The Best (and Worst) Corny & Cheesy Dad Jokes 👋

Dive into the world of corny & cheesy dad jokes that are so bad, they’re good! Packed with puns, groan-worthy punchlines, and all the charm of classic dad humor, these jokes are sure to get a laugh—or at least an eye roll. Perfect for anyone who loves a little bit of cheese with their humor, our corny & cheesy dad jokes are the ultimate way to lighten the mood and share a laugh. Explore our collection for endless cheesy fun!
I had to throw out all of my danish currency I didn't wanna catch the Kronervirus
What's a good thing about a novelist conman? He may have a lot of cons, but he also has a lot of prose.
What do you get when you cross a polar bear with a seal? A polar bear.
Did you get a haircut? No, I got them all cut.
How much does a pirate pay for corn? A buccaneer.
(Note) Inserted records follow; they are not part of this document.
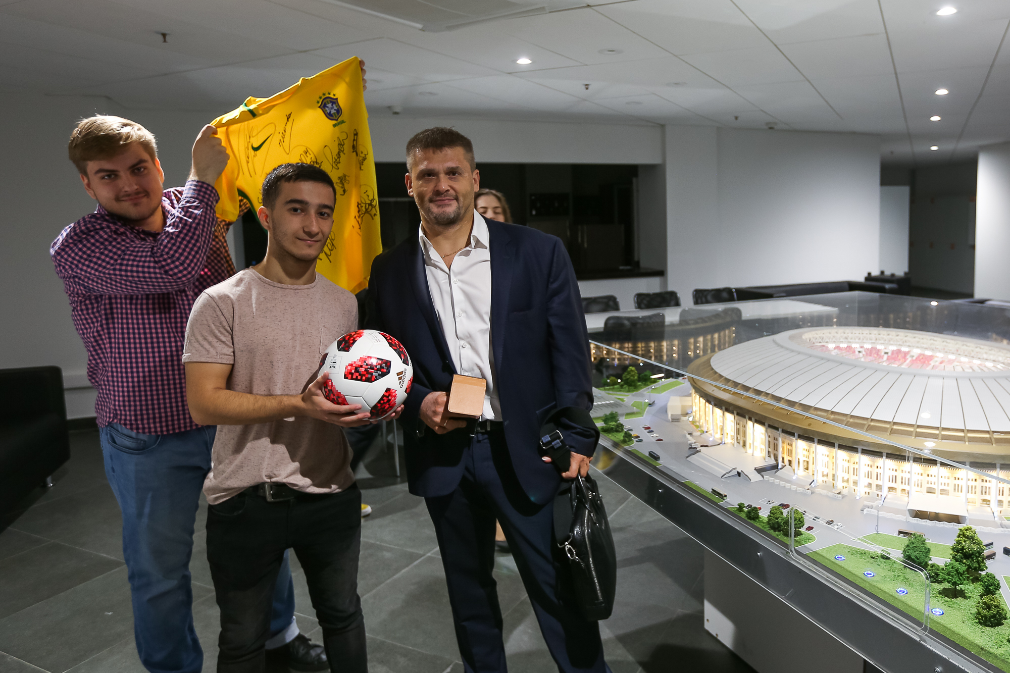 Участники школы посетили стадион «Лужники». Они узнали об истории строительства и масштабной реконструкции стадиона, побывали там, куда не пускают болельщиков: в раздевалках игроков и других внутренних помещениях.
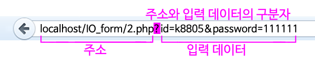 위의 코드로 만들어진 에플리케이션이 http://localhost/IO_form/2.php라고 한다면 URL을 아래와 같이 만들어서 주소창에 입력해보자.
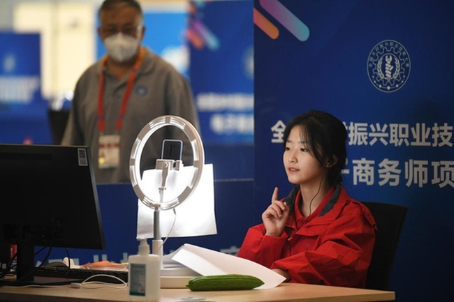 2021年9月26日,選手在烏魯木齊舉辦的全國鄉(xiāng)村振興職業(yè)技能大賽上比拼電子商務師項目。
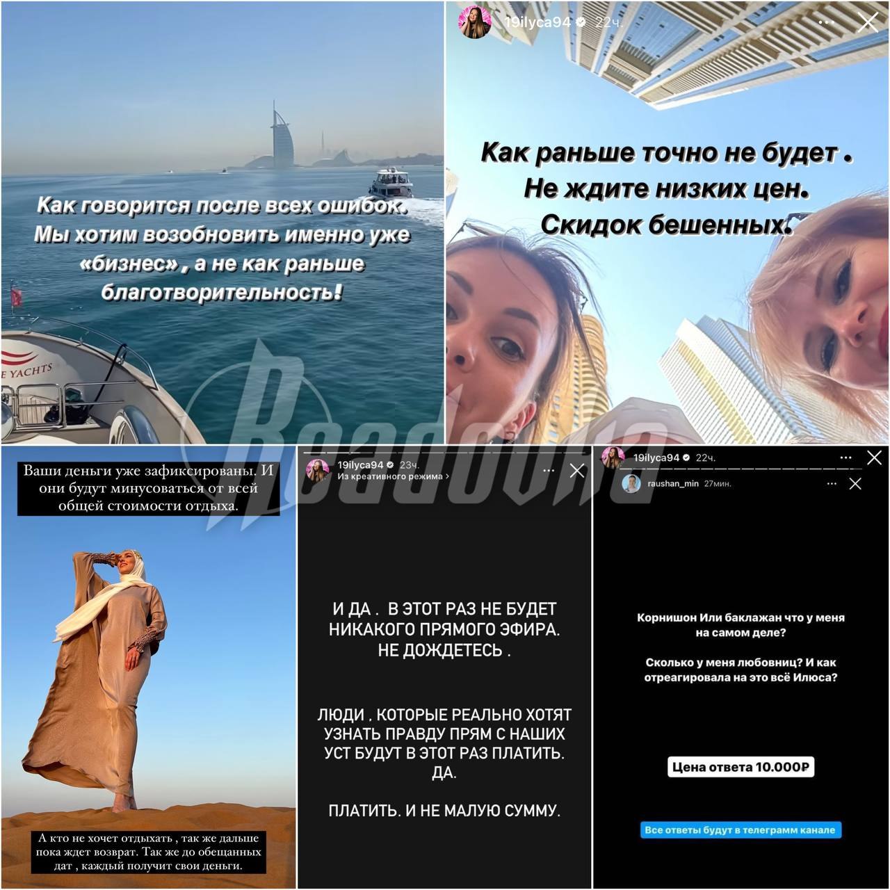 Выбраться из долговой ямы блогерша решила прежним способом и триумфально возобновила продажу путевок в Дубай. Вчера девушка поделилась прайс-листом на своей странице в Instagram*, но уже с обновленными ценами — крайне завышенными, поскольку теперь она «продает, а не организует благотворительность». Обманутым прежде путешественникам она предложила купить новый тур и доплатить разницу, а если они не хотят вестись снова — ожидать обещанные деньги.

Friend: "Bro, can you pass me that pamphlet?" Me: "Brochure"
A piece of string walks into a bar and orders a drink. The bartender looks at him and says, We don't serve string here. So the string goes outside, twists himself up a bit, kind of roughs up his ends and walks back into the bar and orders a drink. The bartender looks at him and says, Aren't you that little piece of string that was in here a few minutes ago? The string says, No sir, I'm a frayed knot.
Kid: I'm cold. Dad: Then go sit in the corner - it's 90 degrees!
Friend: "Bro, can you pass me that pamphlet?" Me: "Brochure"
What happens when frogs park illegally? They get toad.
What's the best thing about Switzerland?' 'I don't know, but the flag is a big plus.'
What’s the best thing about living in Switzerland? I don’t know, but the flag is a big plus.
I can't take my dog to the pond anymore because the ducks keep attacking him. That's what I get for buying a pure bread dog.
I hate my job—all I do is crush cans all day. It’s soda pressing.
What’s the best way to watch a fly-fishing tournament? Live stream.